Example 4 Co-production of ceramide and glucoside (lipid) acylsphingosine Using konjac flying powder as raw Material

Taking 1000 g of a byproduct konjac flying powder in konjac fine powder processing, stirring and heating the konjac flying powder with 90% ethanol of which the volume is 8 times that of the konjac flying powder, extracting the konjac flying powder for three times by filtering (filter cakes can be used for preparing feeds after being dried), combining extracting solutions of the three times, adding lime milk to adjust the pH value to 10.0, generating a large amount of fatty acid calcium precipitate, standing for 3-5 hours, filtering to remove the fatty acid calcium, adjusting the pH value of a filtrate to 5.0 by using hydrochloric acid (obtained by adding water into concentrated hydrochloric acid according to the volume ratio of 1: 1), concentrating and recovering ethanol until no alcohol smell exists, supplementing water of which the volume is 1.5 times that of the concentrated solution to obtain a solution, performing fractional extraction on the solution by using a trichloromethane/methanol/glacial acetic acid mixed organic solvent as an extracting agent, sequentially using the trichloromethane/methanol/glacial acetic acid mixed solvent of which the volume ratio is 10:1:0.1, 10:1.5:0.1, 10:2:0.1 as the extracting agent, collecting each extracting solution independently, and obtaining each extracting solution by using the trichloromethane/methanol/glacial acetic acid mixed solvent of which the trichloromethane/glacial acetic acid is 10:1 Taking the solution, concentrating to separate out a solid, cooling, filtering out a liquid part, drying the solid part to obtain 0.45g (with the content of 68%) of a ceramide crude product, and carrying out 3 times of recrystallization on the crude product by taking acetone as a crystallization solvent to obtain 0.24 g of a free ceramide product with the content of 98%; using chloroform/methanol/glacial acetic acid mixed solvent as extractant, concentrating until solid is separated out, cooling, filtering to remove liquid part, drying to obtain crude product 1.40g (content: 63%), recrystallizing the crude product with acetone for 3 times to obtain 0.67 g (content: 98%) of glucoside (lipid) ceramide.

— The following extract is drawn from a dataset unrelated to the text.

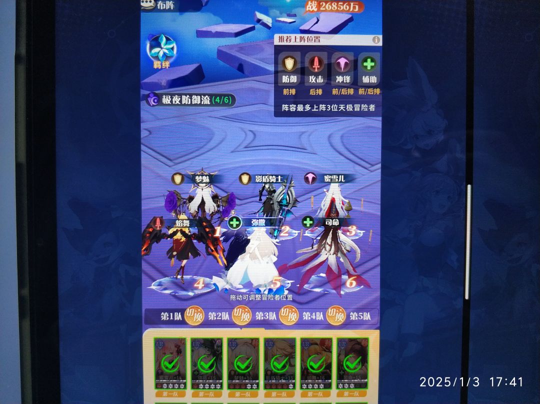 装备要注意,一套极限装备给主c单挑,一套次顶级24给副c,两套24防给坦克和蜜雪,蜜雪算是焰舞的辅助吧,两套20防给辅助。

Example 5 Co-production of ceramide and glucoside (lipid) acylsphingosine Using Rice bran residue as raw Material

Taking 1000 g of rice bran residues after rice oil processing, stirring and heating the rice bran residues by using 85% ethanol in an amount which is 10 times that of the rice bran residues, extracting for three times, filtering (filter cakes can be used for preparing feeds after being dried), combining extracting solutions in three times, adding lime milk to adjust the pH value to 8.0, generating a large amount of fatty acid calcium precipitate, standing for 5-7 hours, filtering to remove the fatty acid calcium, adjusting the pH value of a filtrate to 4.0 by using 0.2M lemon, concentrating and recovering ethanol until no alcohol smell exists, supplementing water with the same volume to the concentrated solution to obtain a solution, carrying out fractional extraction on the solution by using a mixed organic solvent of n-hexane/methanol/glacial acetic acid as an extracting agent, sequentially using a mixed solvent of n-hexane/methanol/glacial acetic acid in a volume ratio of 10:1:0.1, 10:2:0.2, 10:3:0.5, 10:4:0.7 and 10:5:0.8 as an extracting agent, separately collecting each extracting solution, using a mixed solvent of n-hexane/methanol/glacial acetic acid in a volume ratio of 10:3:0.5 as an extracting agent to obtain an extracting agent, concentrating to separate out solid, cooling, filtering to remove liquid, drying solid to obtain crude product of ceramide 0.29g (content 68%), recrystallizing the crude product for 3 times with acetone as crystallization solvent to obtain 0.16 g of free ceramide product with content of 99%; using mixed solvent of n-hexane/methanol/glacial acetic acid with volume ratio of 10:5:0.8 as extractant to obtain extract, concentrating to precipitate solid, cooling, filtering to remove liquid part, drying to obtain crude product of glucoside (lipid) sphingosine (0.96 g, content of 63%), and recrystallizing the crude product for 3 times with acetone as crystallization solvent to obtain 0.50 g of glucoside (lipid) sphingosine (content of 99%).